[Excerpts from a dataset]
- Opening Delimiter -
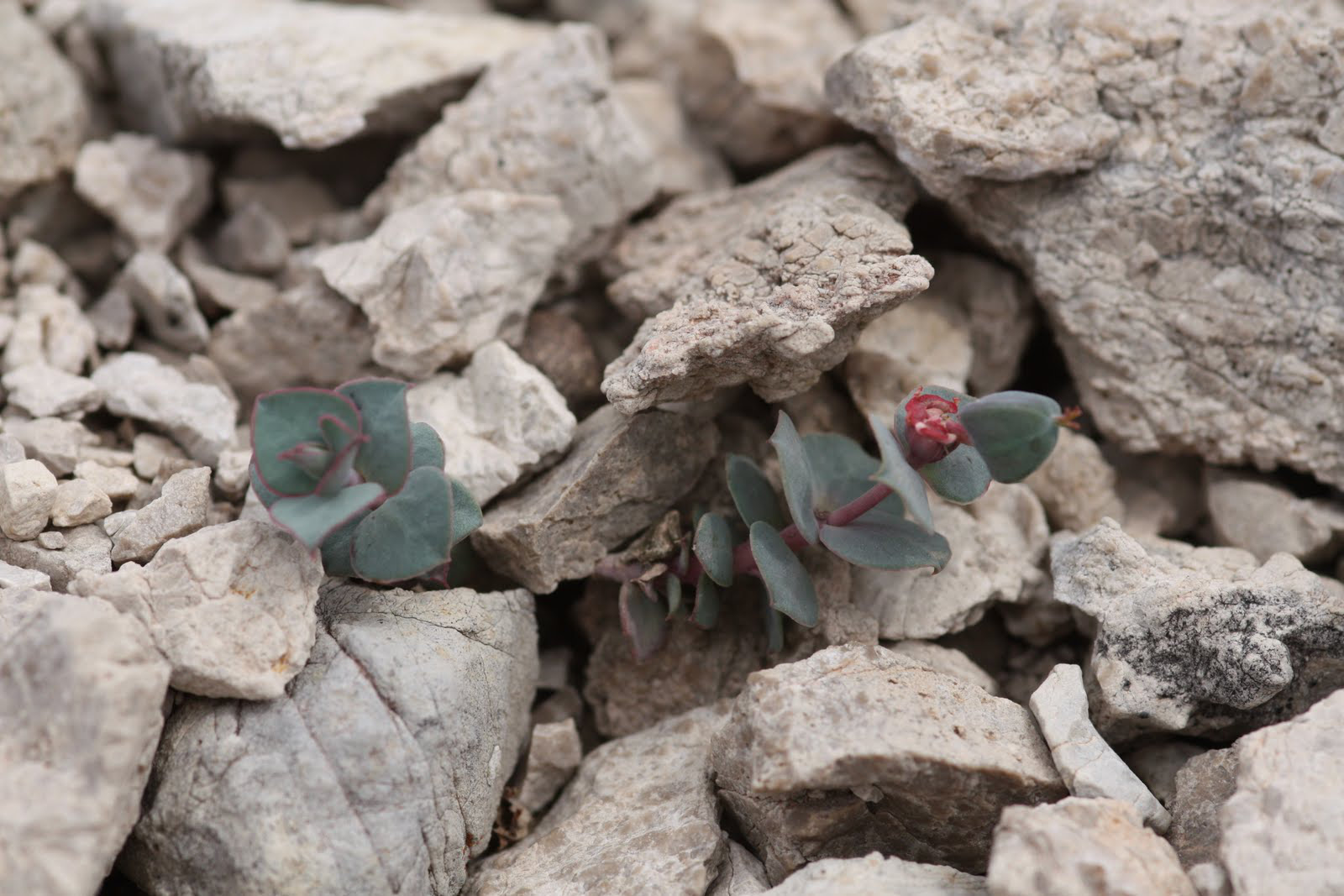 Euphorbia fontqueriana
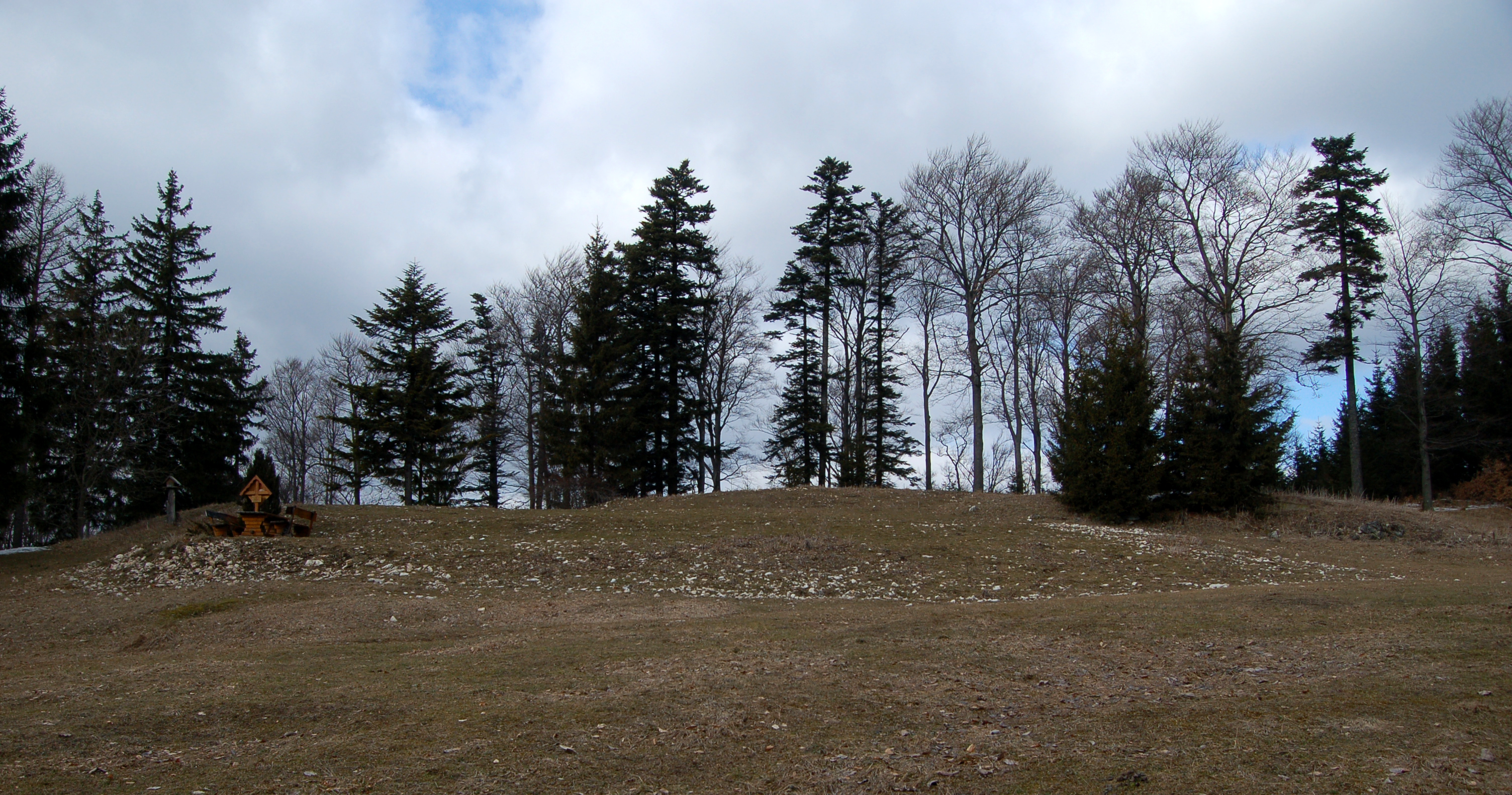 Summit of Hohe Mandling (967m), Knödelwiese. On the top there was the Berndorfer Hütte, a mountain hut that burned down in 2007.
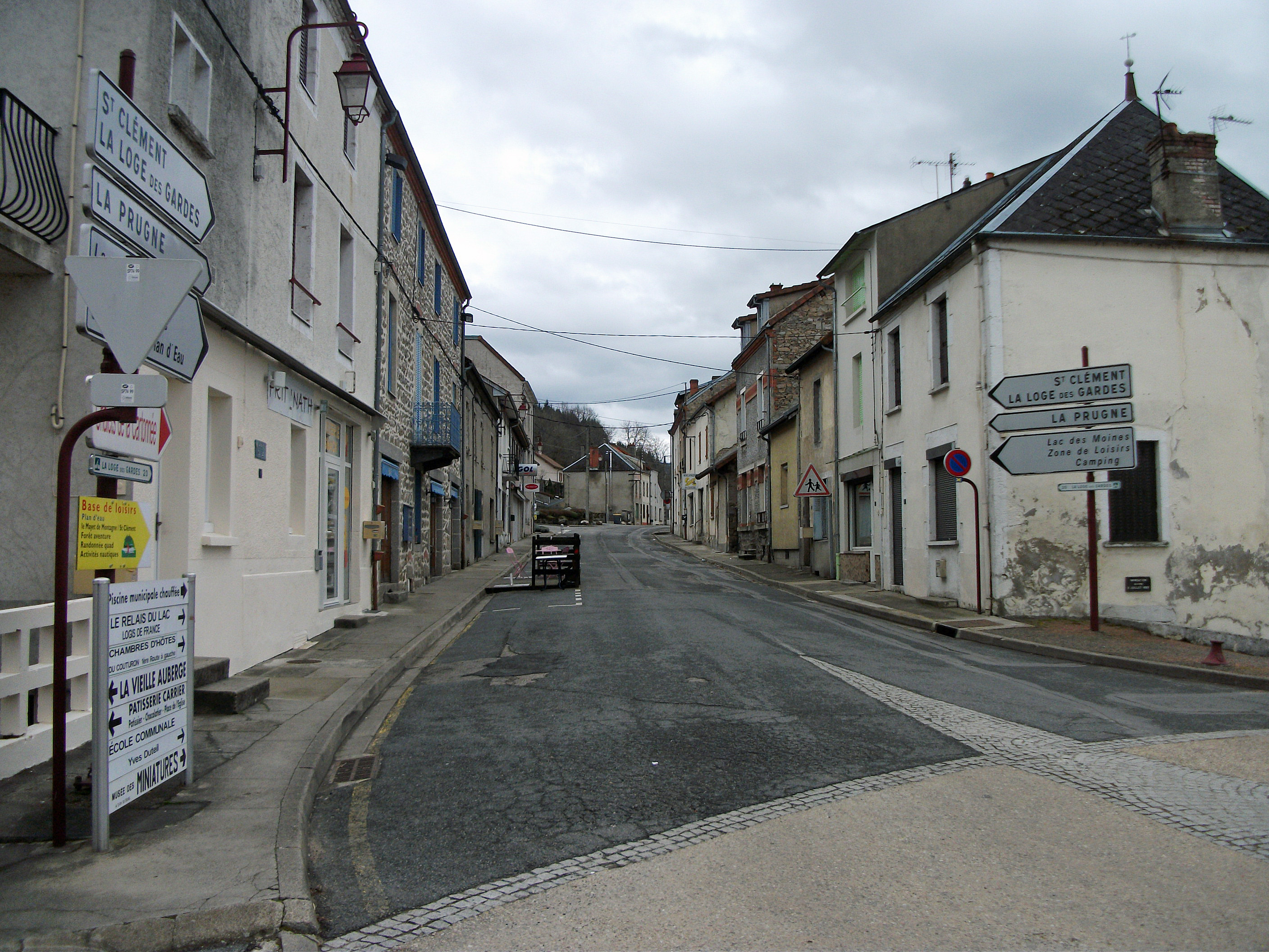 Road towards La Loge des Gardes, in Le Mayet-de-Montagne (Allier) [9965]
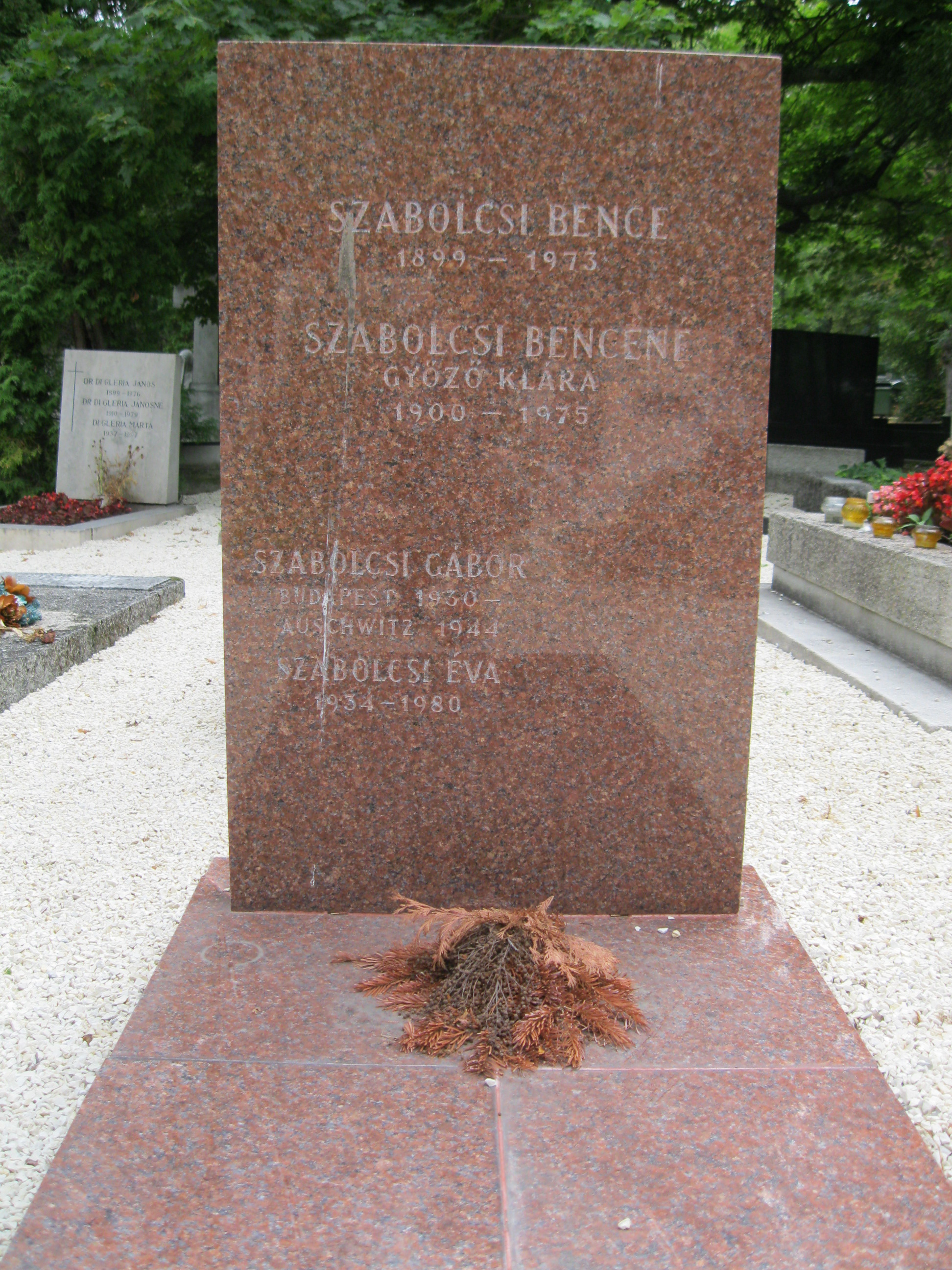 Tomb of Bence Szabolcsi in Farkasréti Cemetery [6/1-1-51]
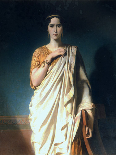 Full-length portrait painting of the French actress Rachel
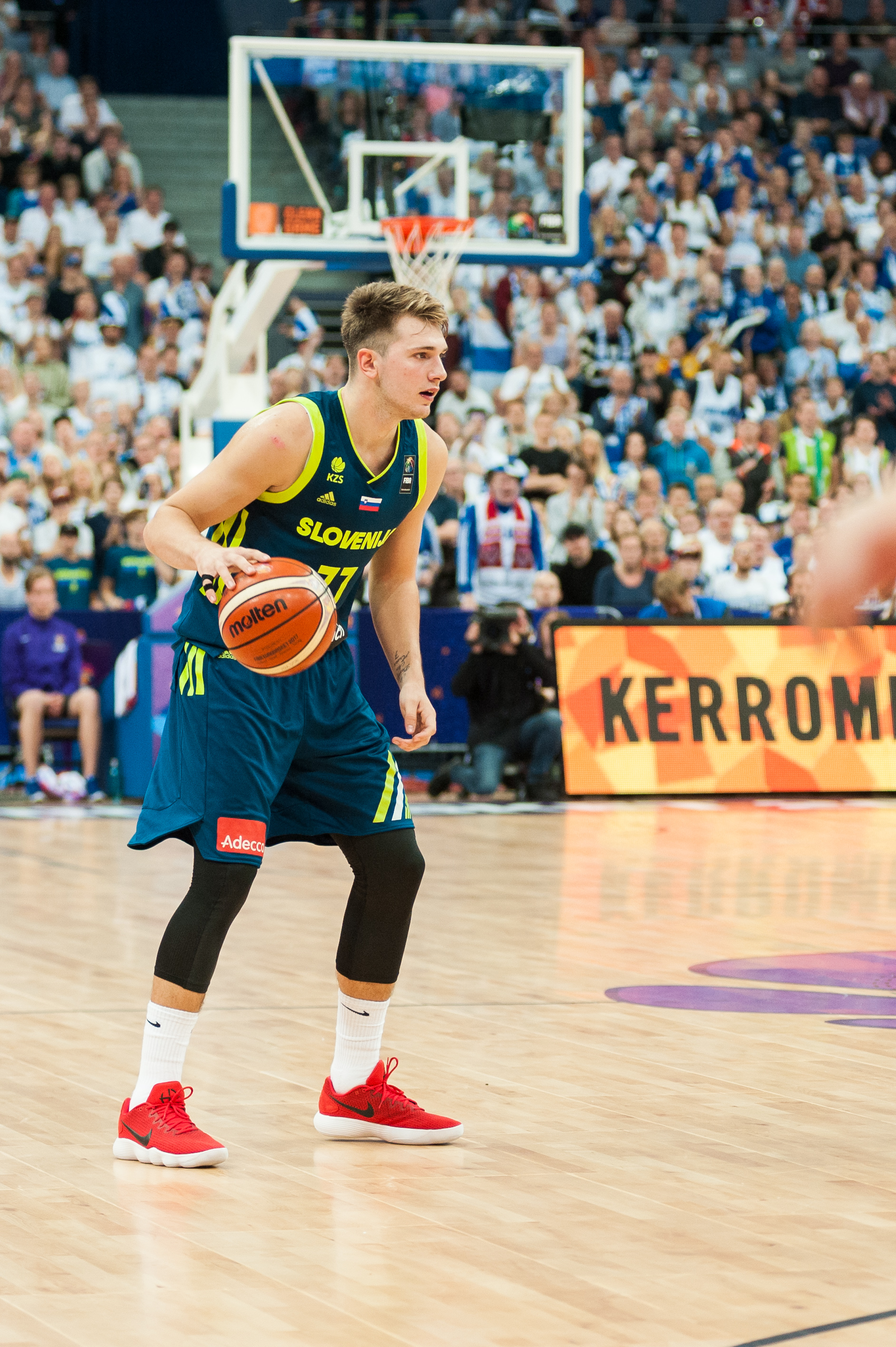 EuroBasket 2017 Group A game between Finland and Slovenia at Hartwall Arena in Helsinki, Finland.
- Closing Delimiter -
A word-for-word copy is needed of the lines from the line with "Summit of Hohe" through the last line of the entries above, with both ends kept and the pictures dropped.

Written answer:
 Summit of Hohe Mandling (967m), Knödelwiese. On the top there was the Berndorfer Hütte, a mountain hut that burned down in 2007.
 Road towards La Loge des Gardes, in Le Mayet-de-Montagne (Allier) [9965]
 Tomb of Bence Szabolcsi in Farkasréti Cemetery [6/1-1-51]
 Full-length portrait painting of the French actress Rachel
 EuroBasket 2017 Group A game between Finland and Slovenia at Hartwall Arena in Helsinki, Finland.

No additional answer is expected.